_Material supplied_:
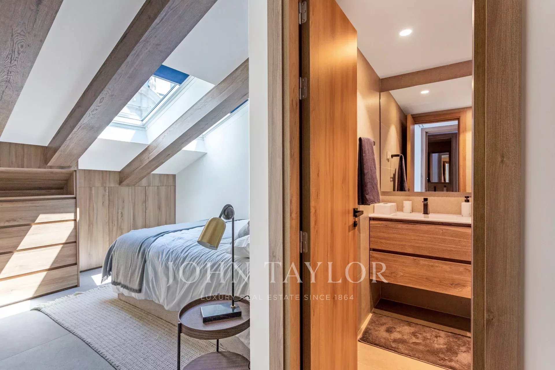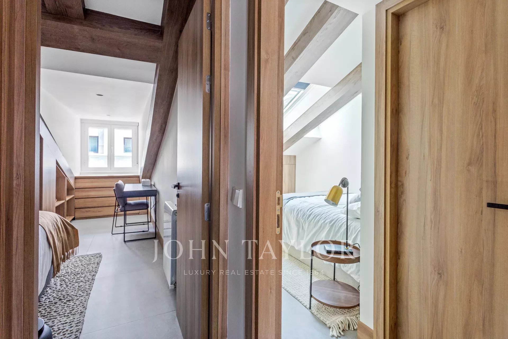 Each flat has two bedrooms with en suite bathrooms, fitted wardrobes, individual heating and ducted air conditioning with AirZone. They each have their own terrace (21 m² + 14 m²) connected by a beautiful metal door. The terraces have total privacy.
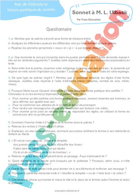 Questionnaire Sonnet à M. L. Ulback : 3eme Secondaire pdf
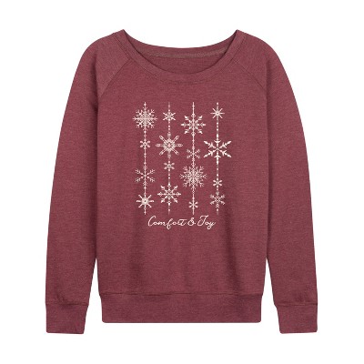 Women's Instant Message Cat Playing With Stars Lightweight French Terry Wide Neck Long Sleeve Graphic Shirt - Heather Maroon - Small
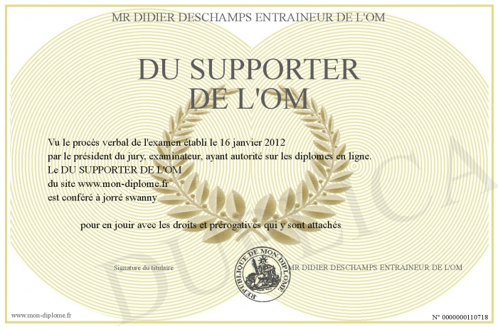 Envoyez par email votre DU SUPPORTER DE L'OM personalisé
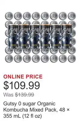 Gutsy 0 sugar Organic Kombucha Mixed Pack, 48 × 355 mL (12 fl oz) promotion at Costco
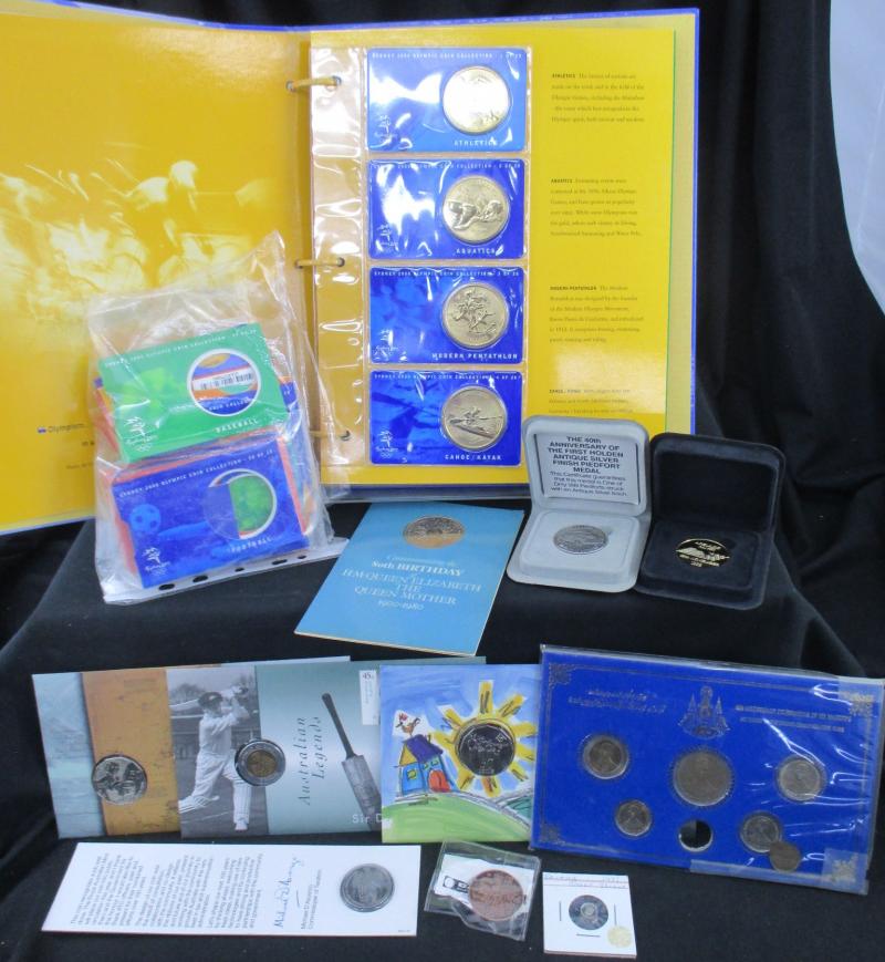 Carton containing coins with Australia 1ds & decimals including $2 coloured (25) with 2013 Coronation, 2000 Olympics $5 Al/Br set
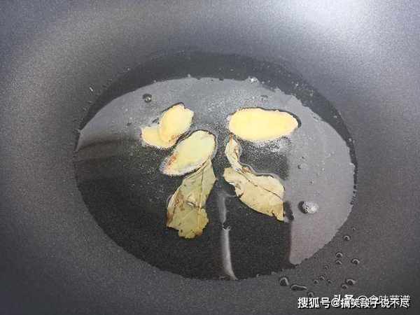 第三步:锅中倒入植物油,放入姜片和香叶,我们只取它的香味,小火炸出香味后,便可捞出扔掉。
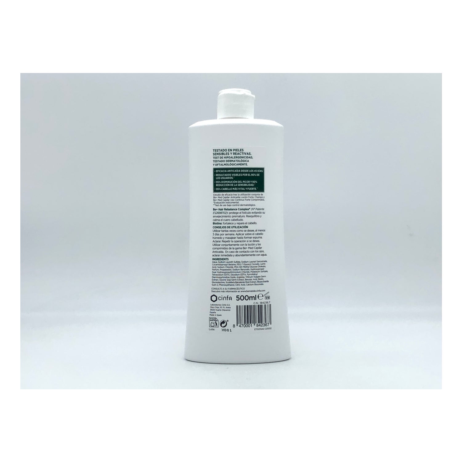 Be+ Hair Loss Strengthening Shampoo 500ml est un shampooing conçu pour préparer les cheveux aux traitements anti-chute grâce à sa composition à base de Be+ Hair Rebalance Complex, Kopexil et Biotin, qui aide à rendre les cheveux doux, forts et sains, et convient aux hommes et aux femmes.
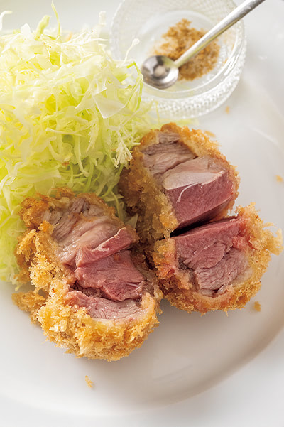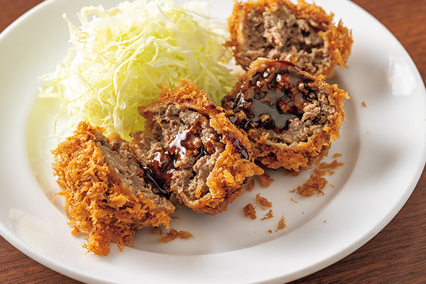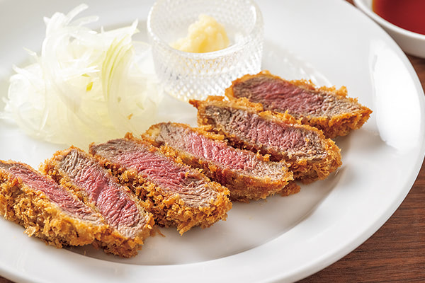 粗めに挽いた和牛100%と玉ネギ、マスタードなどを練り、つなぎはなし。しっかり揚げ切ると、ふっくら、ジュワリと肉汁を感じる肉々しいメンチカツに。肉を噛み味わう幸せに浸る。

_Problem_:
An exact copy is needed of the lines running from the one containing "Be+ Hair Loss" through the last line of the material, and of no others; pictures stay out.

_Task solution_:
 Be+ Hair Loss Strengthening Shampoo 500ml est un shampooing conçu pour préparer les cheveux aux traitements anti-chute grâce à sa composition à base de Be+ Hair Rebalance Complex, Kopexil et Biotin, qui aide à rendre les cheveux doux, forts et sains, et convient aux hommes et aux femmes.
 粗めに挽いた和牛100%と玉ネギ、マスタードなどを練り、つなぎはなし。しっかり揚げ切ると、ふっくら、ジュワリと肉汁を感じる肉々しいメンチカツに。肉を噛み味わう幸せに浸る。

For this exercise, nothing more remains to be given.